[WHAT TO PRODUCE]:
Repeat all of the data word for word so that only the pictures are missing from the copy.

[PROVIDED DATA]:
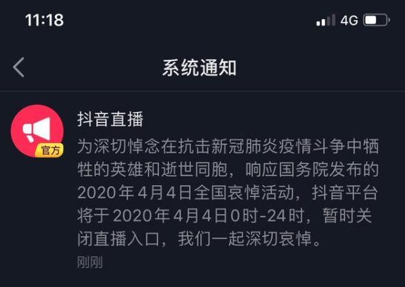2020年注定是不平凡的一年,也是载入历史的一年,为了抗击新冠肺炎,太多前线人员为此献出了自己的生命。4月4日当天我们将对抗击新冠肺炎疫情斗争牺牲烈士和逝世同胞的深切哀悼,在此期间,全国和驻外使领馆下半旗志哀,全国停止公共娱乐活动。抖音也宣布将在4月4日当天关闭所有直播以示哀悼!不过,4月5日0点之后所有游戏都将重新开服,所以白天同样是可以养精蓄锐,到了5号凌晨的时候再玩游戏也是可以的。届时,为表
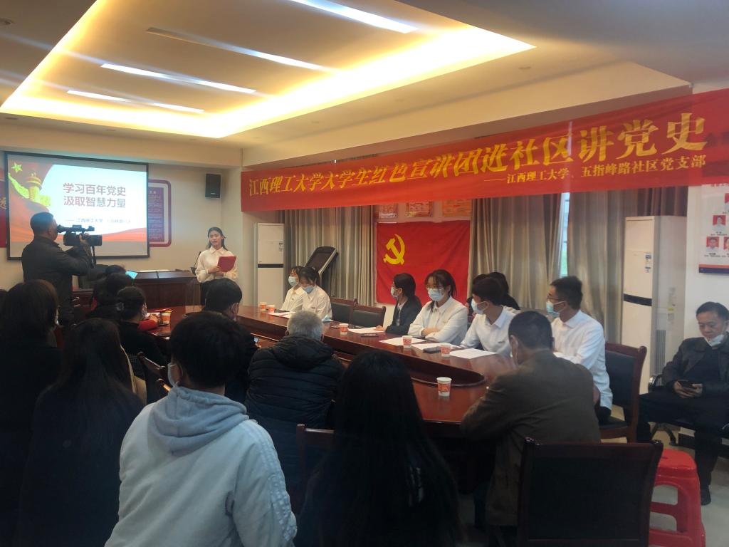 本网讯  正值建党一百周年,我院大学生红色文化宣讲团开启了红色故事宣讲巡演,一周一社区,一次五个故事,目标是实现章贡区社区全覆盖,将党的奋斗历史送入家家户户。
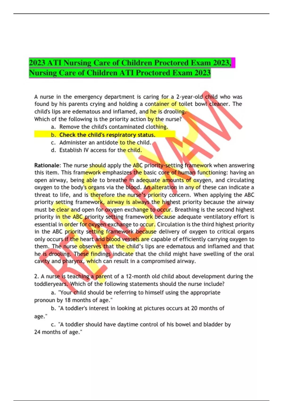 2023 ATI Nursing Care of Children Proctored Exam 2023, Nursing Care of Children ATI Proctored Exam 2023 A nurse in the emergency department is caring for a 2-year-old child who was found by his parents crying and holding a container of toilet bowl cleaner. The child's lips are edematous and inflamed, and he is drooling. Which of the following is the priority action by the nurse? a. Remove the child's contaminated clothing. b. Check the child's respiratory status. c. Administer an antidote to the child. d. Establish IV access for the child. Rationale: The nurse should apply the ABC priority-setting framework when answering this item. This framework emphasizes the basic core of human functioning: having an open airway, being able to breathe in adequate amounts of oxygen, and circulating oxygen to the body's organs via the blood. An alteration in any of these can indicate a threat to life, and is therefore the nurse’s priority concern. When applying the ABC priority setting framework, airway is always the highest priority because the airway must be clear and open for oxygen exchange to occur. Breathing is the second highest priority in the ABC priority setting framework because adequate ventilatory effort is essential in order for oxygen exchange to occur. Circulation is the third highest priority in the ABC priority setting framework because delivery of oxygen to critical organs only occurs if the heart and blood vessels are capable of efficiently carrying oxygen to them. The nurse observes that the child’s lips are edematous and inflamed and that he is drooling. These findings indicate that the child might have swelling of the oral cavity and pharynx, which can result in a compromised airway. 2. A nurse is teaching a parent of a 12-month old child about development during the toddleryears. Which of the following statements should the nurse include? a. "Your child should be referring to himself using the appropriate pronoun by 18 months of age." b. "A toddler's interest in looking at pictures occurs at 20 months of age." c. "A toddler should have daytime control of his bowel and bladder by 24 months of age." d. "Your child should be able to scribble spontaneously using a crayon at the age of 15 months." Rationale: The nurse should teach the parent that at the age of 15 months, the toddler should be able to scribble spontaneously, and at the age of 18 months, the toddler should be able to make strokes imitatively.

[TASK RESULT]:
2020年注定是不平凡的一年,也是载入历史的一年,为了抗击新冠肺炎,太多前线人员为此献出了自己的生命。4月4日当天我们将对抗击新冠肺炎疫情斗争牺牲烈士和逝世同胞的深切哀悼,在此期间,全国和驻外使领馆下半旗志哀,全国停止公共娱乐活动。抖音也宣布将在4月4日当天关闭所有直播以示哀悼!不过,4月5日0点之后所有游戏都将重新开服,所以白天同样是可以养精蓄锐,到了5号凌晨的时候再玩游戏也是可以的。届时,为表
 本网讯  正值建党一百周年,我院大学生红色文化宣讲团开启了红色故事宣讲巡演,一周一社区,一次五个故事,目标是实现章贡区社区全覆盖,将党的奋斗历史送入家家户户。
 2023 ATI Nursing Care of Children Proctored Exam 2023, Nursing Care of Children ATI Proctored Exam 2023 A nurse in the emergency department is caring for a 2-year-old child who was found by his parents crying and holding a container of toilet bowl cleaner. The child's lips are edematous and inflamed, and he is drooling. Which of the following is the priority action by the nurse? a. Remove the child's contaminated clothing. b. Check the child's respiratory status. c. Administer an antidote to the child. d. Establish IV access for the child. Rationale: The nurse should apply the ABC priority-setting framework when answering this item. This framework emphasizes the basic core of human functioning: having an open airway, being able to breathe in adequate amounts of oxygen, and circulating oxygen to the body's organs via the blood. An alteration in any of these can indicate a threat to life, and is therefore the nurse’s priority concern. When applying the ABC priority setting framework, airway is always the highest priority because the airway must be clear and open for oxygen exchange to occur. Breathing is the second highest priority in the ABC priority setting framework because adequate ventilatory effort is essential in order for oxygen exchange to occur. Circulation is the third highest priority in the ABC priority setting framework because delivery of oxygen to critical organs only occurs if the heart and blood vessels are capable of efficiently carrying oxygen to them. The nurse observes that the child’s lips are edematous and inflamed and that he is drooling. These findings indicate that the child might have swelling of the oral cavity and pharynx, which can result in a compromised airway. 2. A nurse is teaching a parent of a 12-month old child about development during the toddleryears. Which of the following statements should the nurse include? a. "Your child should be referring to himself using the appropriate pronoun by 18 months of age." b. "A toddler's interest in looking at pictures occurs at 20 months of age." c. "A toddler should have daytime control of his bowel and bladder by 24 months of age." d. "Your child should be able to scribble spontaneously using a crayon at the age of 15 months." Rationale: The nurse should teach the parent that at the age of 15 months, the toddler should be able to scribble spontaneously, and at the age of 18 months, the toddler should be able to make strokes imitatively.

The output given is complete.